**Given information:**
··········

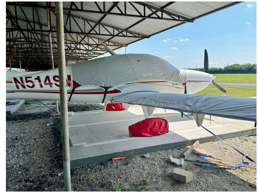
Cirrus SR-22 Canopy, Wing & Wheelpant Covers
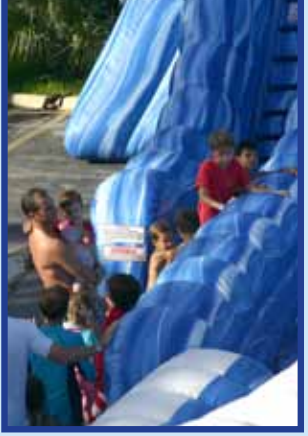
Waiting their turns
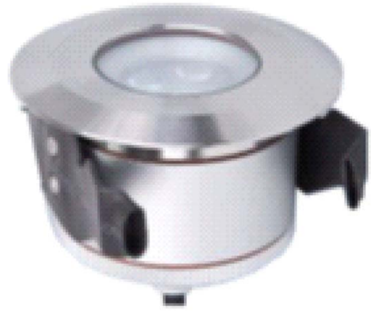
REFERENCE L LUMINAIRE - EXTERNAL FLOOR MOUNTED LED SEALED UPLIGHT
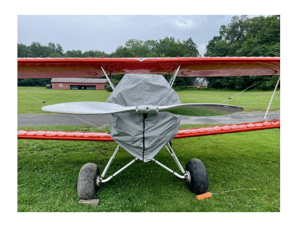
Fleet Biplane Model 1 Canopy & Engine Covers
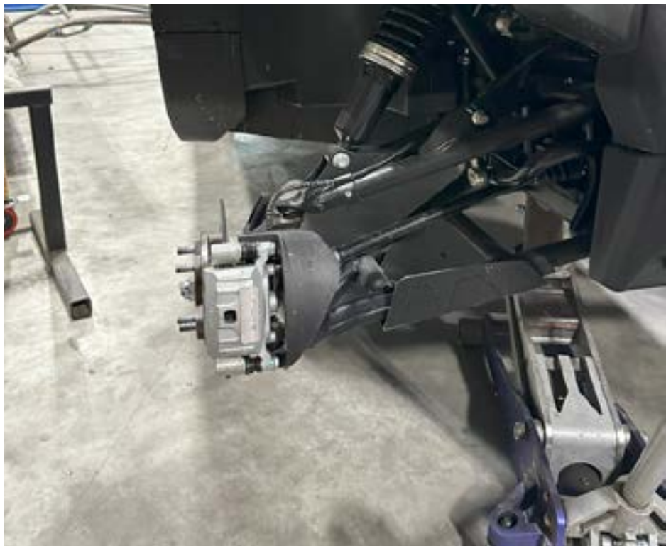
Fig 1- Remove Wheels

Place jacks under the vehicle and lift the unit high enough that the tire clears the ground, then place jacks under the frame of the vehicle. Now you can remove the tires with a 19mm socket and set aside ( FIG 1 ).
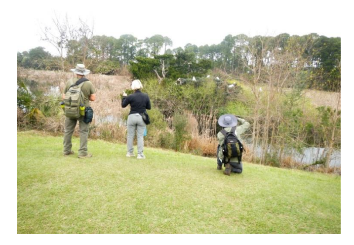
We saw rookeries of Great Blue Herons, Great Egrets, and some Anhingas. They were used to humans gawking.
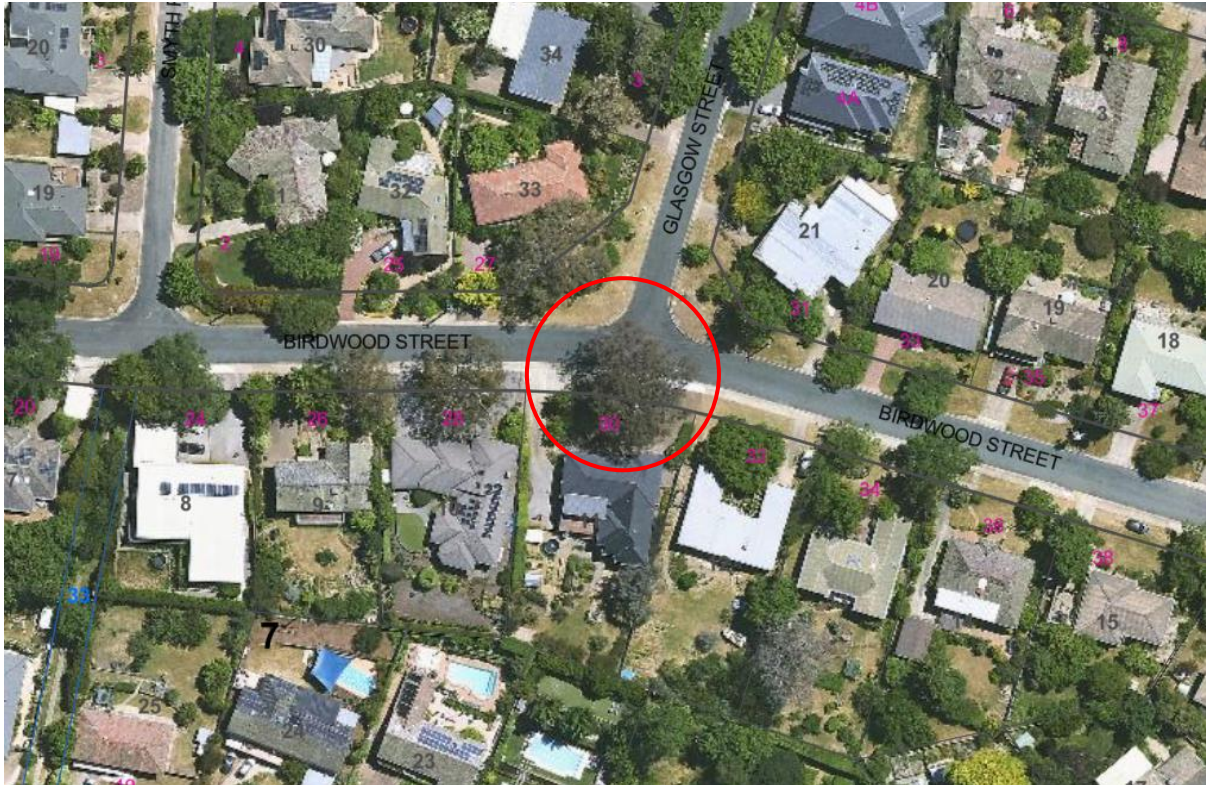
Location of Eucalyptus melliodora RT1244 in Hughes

··········

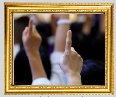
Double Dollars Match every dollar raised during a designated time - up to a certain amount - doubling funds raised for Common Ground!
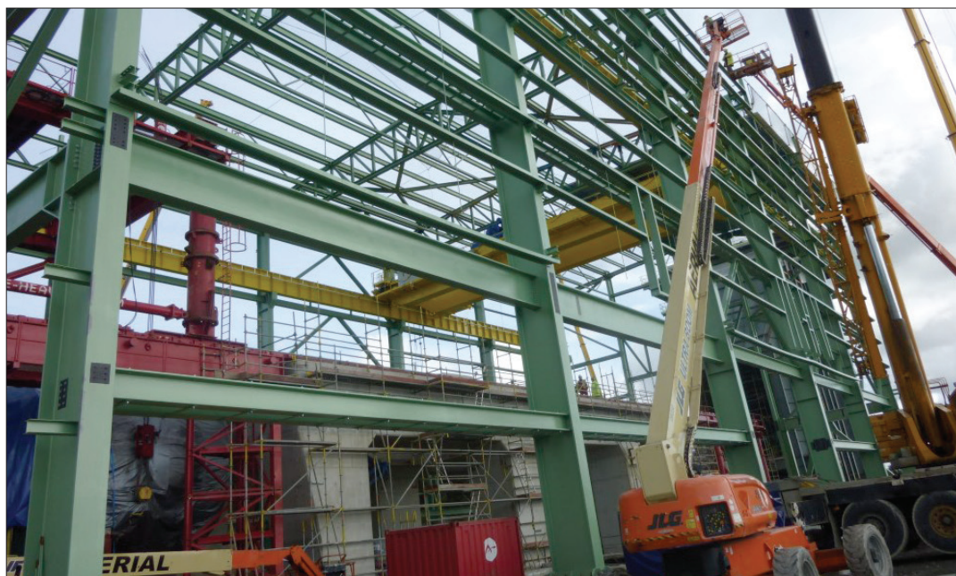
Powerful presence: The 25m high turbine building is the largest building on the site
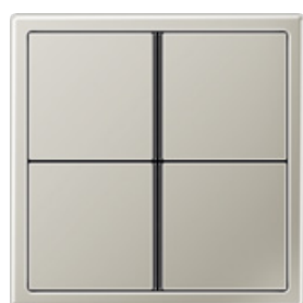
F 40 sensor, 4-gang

··········

**Action item:** Could you write out exactly the lines of the data above that run from the one holding "Cirrus SR-22 Canopy, Wing & Wheelpant Covers" to the one holding "Location of Eucalyptus", with both ends in and all pictures out?

**Response to the exercise:**
Cirrus SR-22 Canopy, Wing & Wheelpant Covers
Waiting their turns
REFERENCE L LUMINAIRE - EXTERNAL FLOOR MOUNTED LED SEALED UPLIGHT
Fleet Biplane Model 1 Canopy & Engine Covers
Fig 1- Remove Wheels

Place jacks under the vehicle and lift the unit high enough that the tire clears the ground, then place jacks under the frame of the vehicle. Now you can remove the tires with a 19mm socket and set aside ( FIG 1 ).
We saw rookeries of Great Blue Herons, Great Egrets, and some Anhingas. They were used to humans gawking.
Location of Eucalyptus melliodora RT1244 in Hughes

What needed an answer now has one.